A corporation is a type of business entity that has a separate legal existence from its owners. This insulates the owners, in most instances, from personal liability for the corporation’s liabilities. North Carolina corporations are regulated under North Carolina General Statutes, Chapter 55.
But when talking about corporations, people often talk about a “close” corporation. This post explains what a close corporation is and how it differs from a public corporation or other types of corporations.
Close corporations are typically companies established based on personal relationships. These relationships give rise to certain reasonable expectations on the part of those acquiring an interest in the close corporation.
Those expectations include, for example, the parties’ expectation that they will participate in the management of the business, or that they will be employed by the company.

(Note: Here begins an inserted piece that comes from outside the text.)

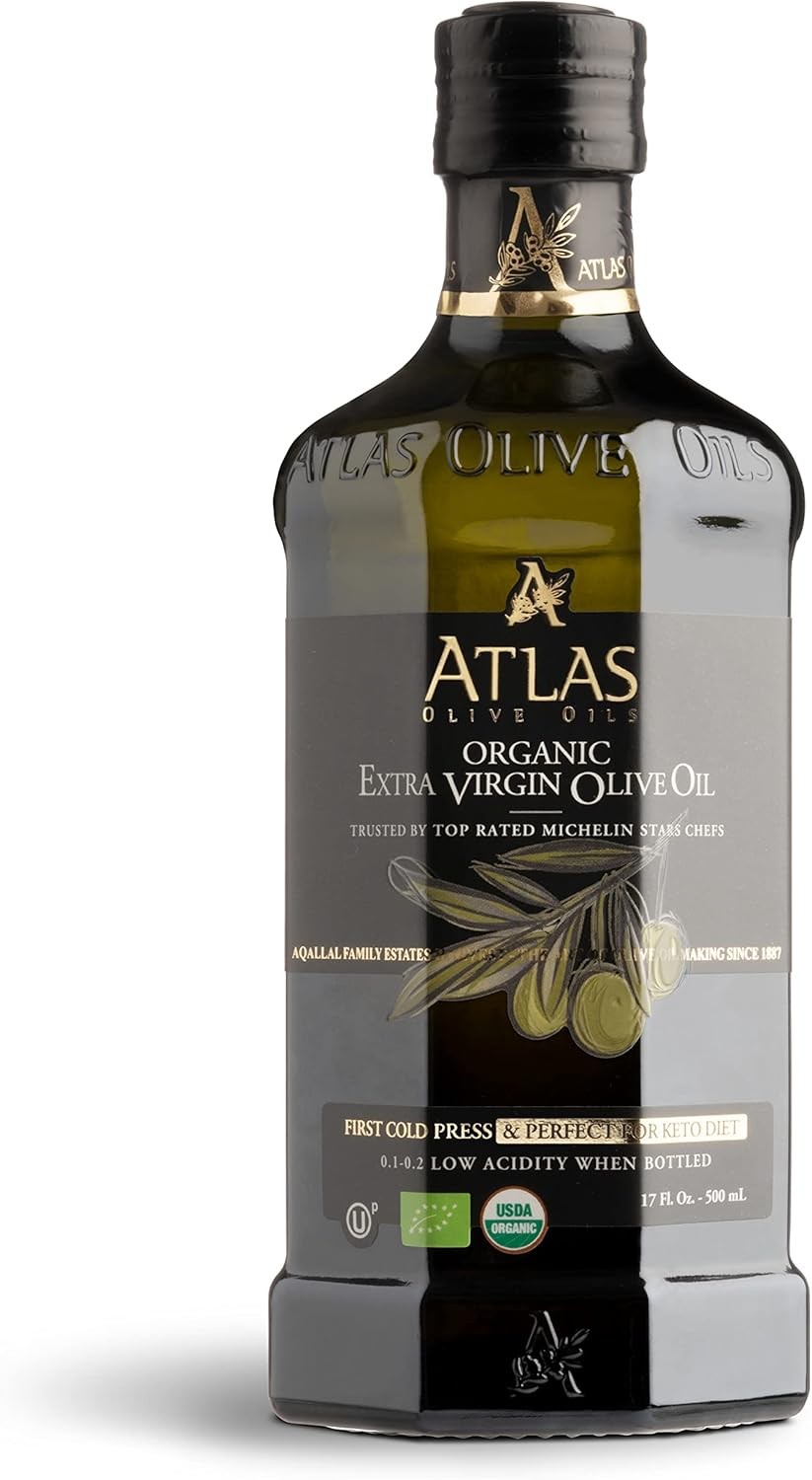 A ATLAS OLIVE OILS Organic Cold Pressed Moroccan Extra Virgin Olive Oil 17 Fl Oz

This is different from a large corporation or a public corporation. After all, with a company like Coca-Cola or McDonald’s just because you purchase a few shares you would not expect to be given managerial responsibility. In close corporations, though, there are only a few owners and the ownership and management overlap.
In Norman v. Nash Johnson & Sons Farms, Inc., 140 N.C. App. 390, 404 (2000), the North Carolina Court of Appeals defines close corporations in the following way:
[A close corporation is a] corporate entity typically organized by an individual, or a group of individuals, seeking the recognized advantages of incorporation, limited liability, perpetual existence and easy transferability of interests – but regarding themselves basically as partners and seeking veto powers as among themselves much more akin to the partnership relation than to the statutory scheme of representative corporate government.
In short, though the company looks like a corporation, it functions like a partnership. You can think of it like an “incorporated partnership.” Partners have much higher duties to each other than do investors in a public corporation. One legal treatise explains that a close corporation “is one which requires close cooperation and a high degree of good faith and mutual respect.”
Putting legal rules aside, as a practical matter, when it comes to closely held corporations, our experience is that if one of the owners is doing something questionable, it is very likely to qualify as some type of breach of duty to the other owners.
There are many remedies that are available to the other owners, including money damages, stock buyouts, injunctive relief, or even dissolution of the closely held corporation.
If you have a question about the law of corporations, closely held or otherwise, contact us at 980-999-3557. DYE CULIK PC is a Charlotte, North Carolina based law firm that concentrates its practice in the areas of business and corporate law.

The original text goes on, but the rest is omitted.